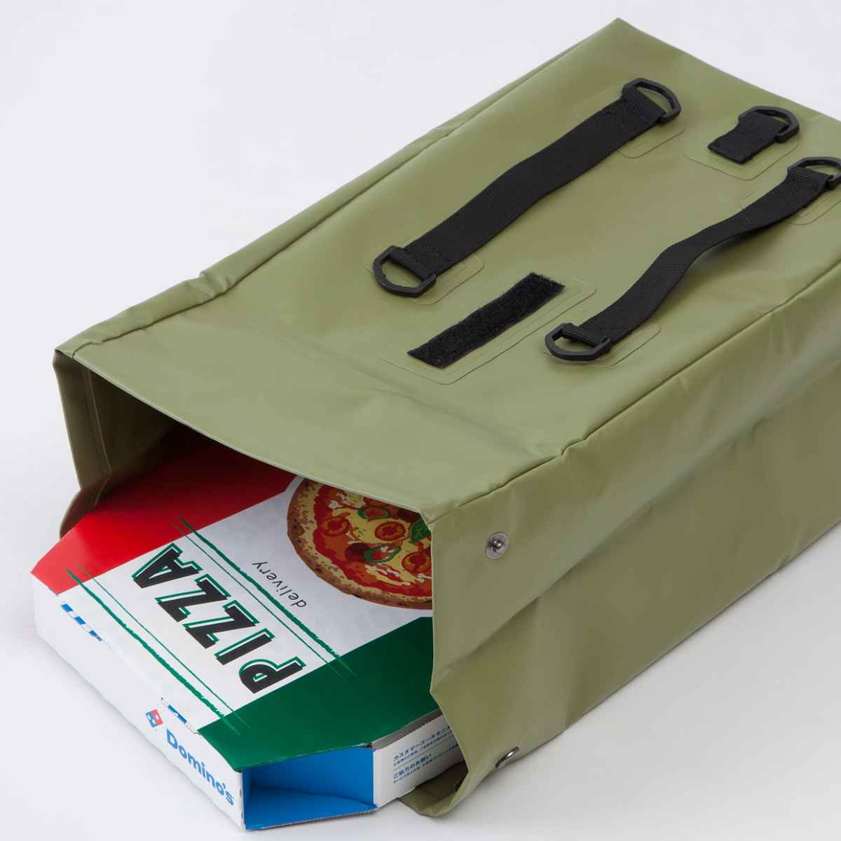 ピザのMサイズが入るほどの大容量で、傾けずにピザやお寿司をそのまま持ち運べる設計です。型崩れしやすい食品も安心して運べるため、テイクアウトや差し入れにも便利です。
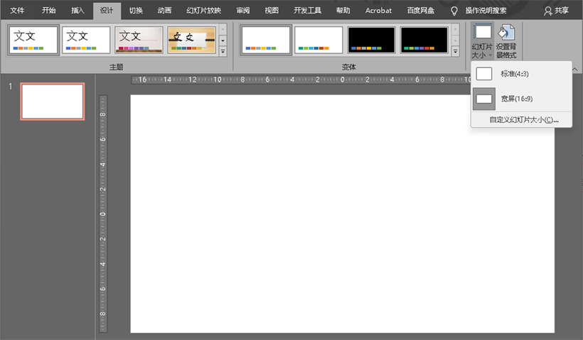 我们能看到默认的幻灯片大小为宽屏(16:9),同时我们能看到另外一种常用的幻灯片大小为标准(4:3)。
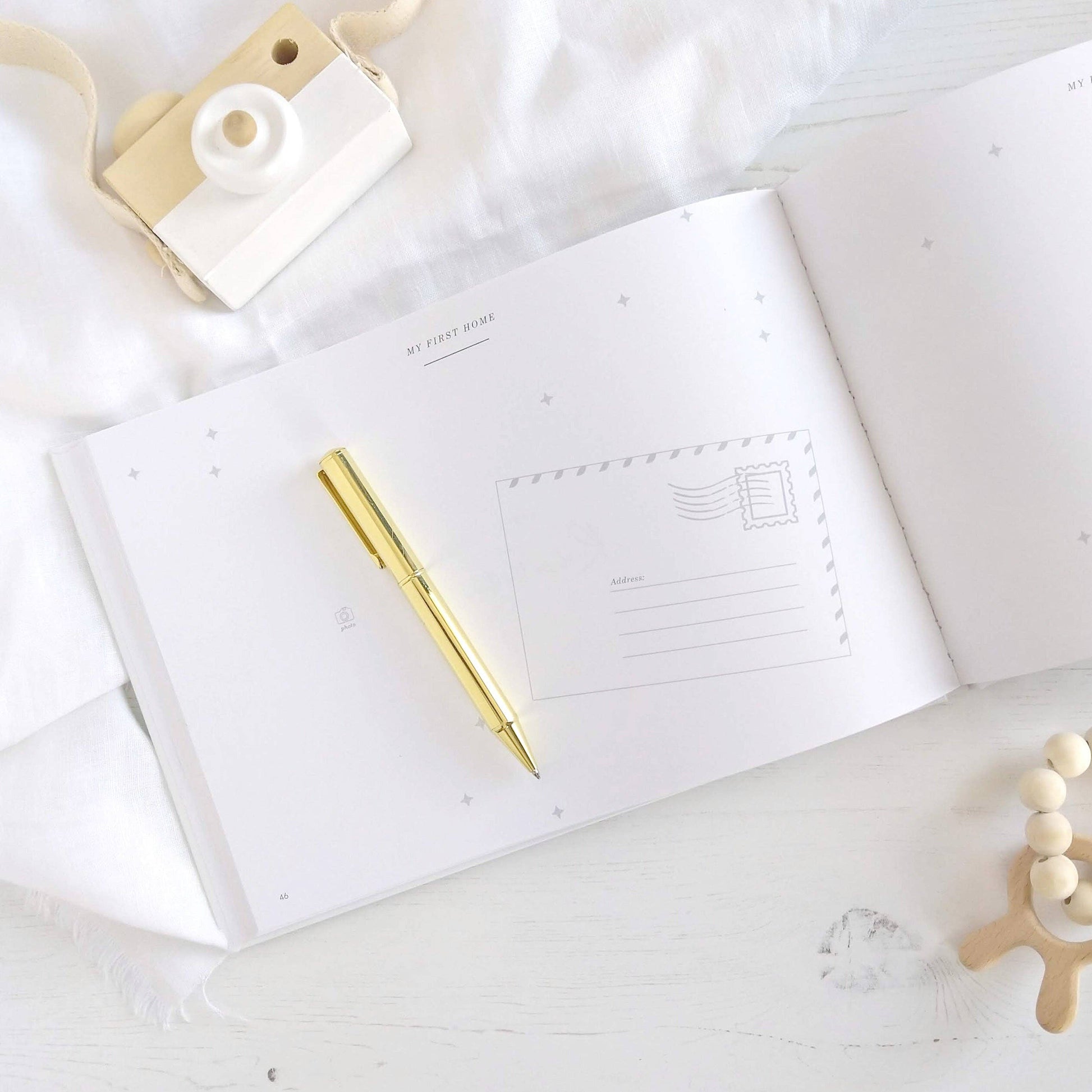 It's the perfect gift for an expecting or new parent, and its gender neutral pages make it suitable for both baby girls and baby boys. There is plenty of space in our baby memory book to write down your baby's first words, steps and tantrums, and enough prompted pages for you not to be stuck for ideas for things to write, whilst still leaving enough room for you to personalise it and add your own content.

···

Output the material word for word, omitting its pictures.

 ピザのMサイズが入るほどの大容量で、傾けずにピザやお寿司をそのまま持ち運べる設計です。型崩れしやすい食品も安心して運べるため、テイクアウトや差し入れにも便利です。
 我们能看到默认的幻灯片大小为宽屏(16:9),同时我们能看到另外一种常用的幻灯片大小为标准(4:3)。
 It's the perfect gift for an expecting or new parent, and its gender neutral pages make it suitable for both baby girls and baby boys. There is plenty of space in our baby memory book to write down your baby's first words, steps and tantrums, and enough prompted pages for you not to be stuck for ideas for things to write, whilst still leaving enough room for you to personalise it and add your own content.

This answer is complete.